Lines from the one with "начальник отдела РГАЛИ" up to and including the one with "芋新歡:濃純厚奶、黃金翠玉、大甲芋頭泥、手工奶酪" are to be copied exactly from the records below, without their pictures.

_PROVIDED ENTRIES_
+--

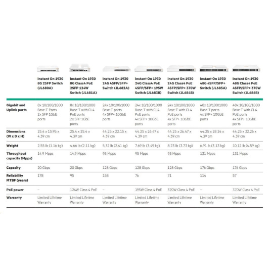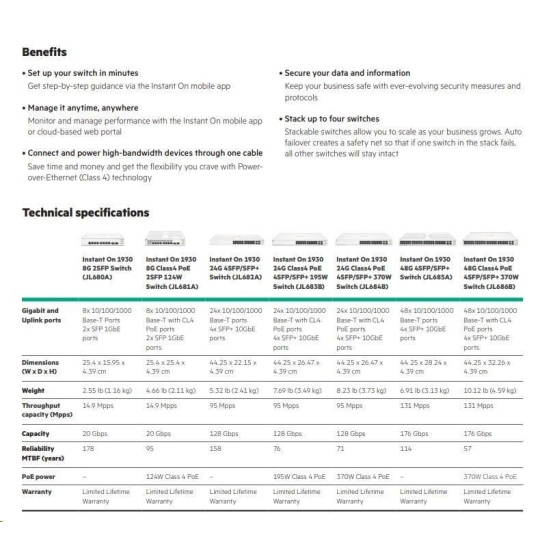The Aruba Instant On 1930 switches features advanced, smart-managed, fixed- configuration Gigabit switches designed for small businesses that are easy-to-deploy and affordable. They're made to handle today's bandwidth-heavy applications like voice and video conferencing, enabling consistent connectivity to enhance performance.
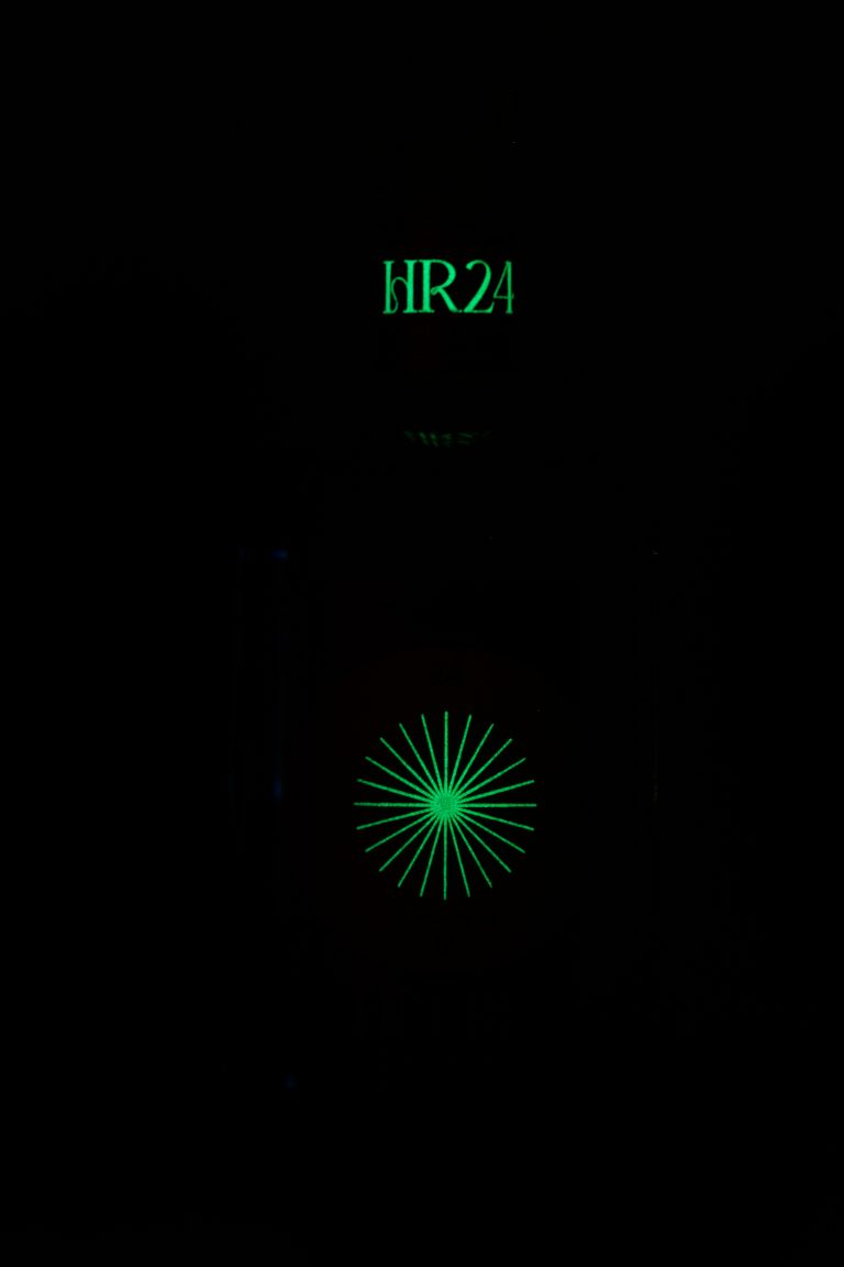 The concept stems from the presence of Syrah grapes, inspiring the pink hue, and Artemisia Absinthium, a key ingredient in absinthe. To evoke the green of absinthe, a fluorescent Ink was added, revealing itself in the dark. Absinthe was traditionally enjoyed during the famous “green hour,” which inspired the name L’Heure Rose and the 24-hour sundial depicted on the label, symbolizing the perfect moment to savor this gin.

+--

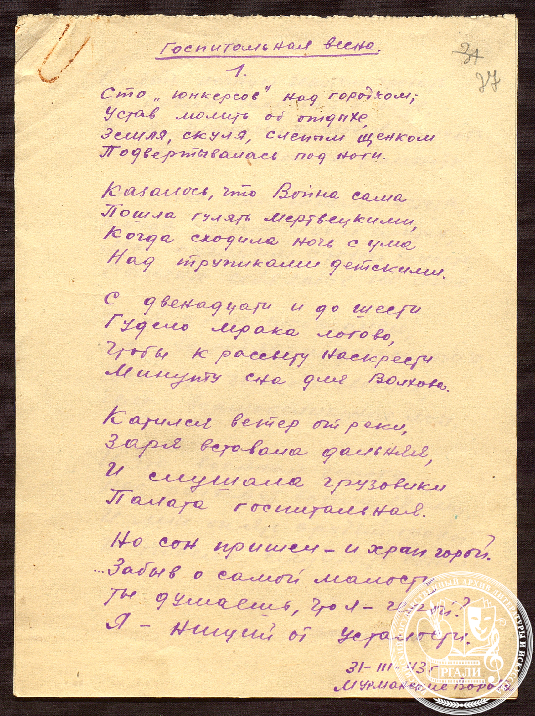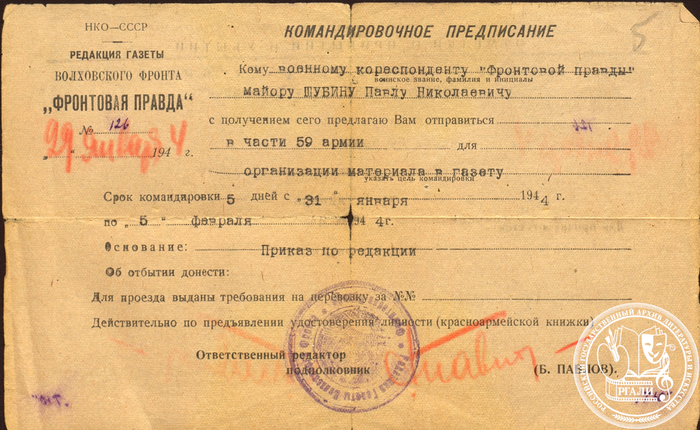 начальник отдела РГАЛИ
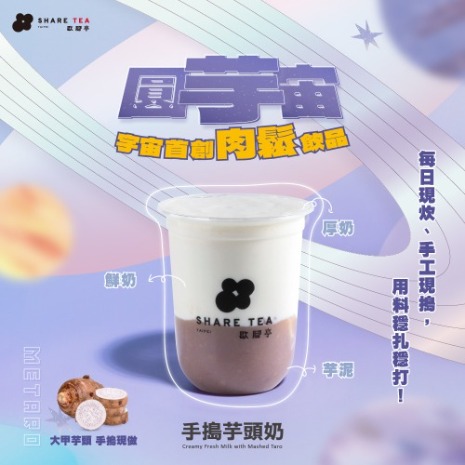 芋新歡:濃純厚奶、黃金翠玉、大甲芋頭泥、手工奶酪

+--

_TASK ANSWER_
 начальник отдела РГАЛИ
 芋新歡:濃純厚奶、黃金翠玉、大甲芋頭泥、手工奶酪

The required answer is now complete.